А летом 1979 года они просто куда-то уехали (наверное, на юга) и предложили нам пожить в их даче. Дача Заков была побольше и попросторнее, чем утлая дачка Мендельсонов, которую мы с папой так любили. Просторность дачи Заков была важна в тот момент, потому что к папе должна была приехать погостить Милена, тогда его невеста (их свадьба состоялась через год, в восьмидесятом году) со своей четырехлетней дочуркой Магдаленой. Милена с Магдаленой (мы называли ее Мадлой или же Мадленкой) действительно приехали, и мы провели прекрасный месяц на даче Заков, где был рояль и гамак, подвешенный между двумя соснами. Вот на этой музыкальной даче мы и общались как бы с Кандинским и Кэрроллом. А, вспомнил, еще был третий постоянный собеседник – Пауль Клее.

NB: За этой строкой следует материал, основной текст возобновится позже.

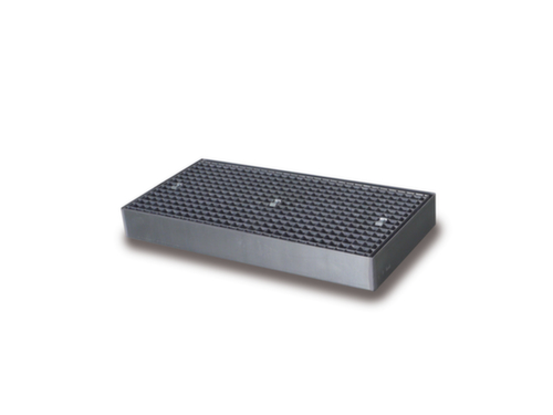 "longDescription": "<h2>Plateau à fond plat</h2><strong>facile à manutentionner grâce à sa faible hauteur de construction</strong><br><ul><li>Convient aux substances polluantes pour l'eau et inflammables.</li><li><strong>Protection grande surface</strong> contre les éclaboussures et les pertes à l'égouttage lors de la manutention des fûts</li><li><strong>À manutentionner par gerbeur et chariot de levage</strong> grâce à la faible hauteur de construction et aux rampes d'accès adaptées</li><li>Hautement chargeable - avec des grilles amovibles</li><li><strong>Structure modulaire stable</strong> - en tôle d'acier galvanisée à chaud épaisseur 3 mm</li></ul><br><h3>Le choix vous appartient :</h3><ul><li><strong>Dimensions personnalisables</strong> grâce aux modules variés</li></ul><br><strong>Dispositions légales</strong><br>Construction des bacs de rétent. agréée par les autorités. Pour stockage abrité de produits dangereux pour l'eau et inflammables.<br>",

Несмотря на интеллектуальный блеск и великолепие этих собеседников-духов (три К: Кандинский, Кэрролл, Клее), мне по большому счету было безразлично, кого вызывать, – я делал это не ради тех глубоких суждений и остроумных реплик, которыми одаривали нас загадочные информационные сгустки, откликавшиеся на упомянутые имена. Я делал это ради того особого, эйфорически-взбудораженного состояния, которым сопровождались сеансы. Выше я назвал это состояние побочным эффектом. Но было ли оно, это состояние, и в самом деле побочным эффектом? Или же это был скорее «центральный» либо «стержневой» эффект, вокруг которого вращалось все остальное – вращалось блюдце, вращались остроумные реплики, имена духов, сосны, велосипеды, гости, собаки с офортными именами? Медиумическая экзальтация. Но был ли я действительно медиумом?

Этот вопрос меня часто занимал в последующие годы, когда случалось мне вспоминать о моей странной спиритической обсессии поздних семидесятых. В какой-то момент я дал обещание навсегда отказаться от спиритизма и сдержал это обещание.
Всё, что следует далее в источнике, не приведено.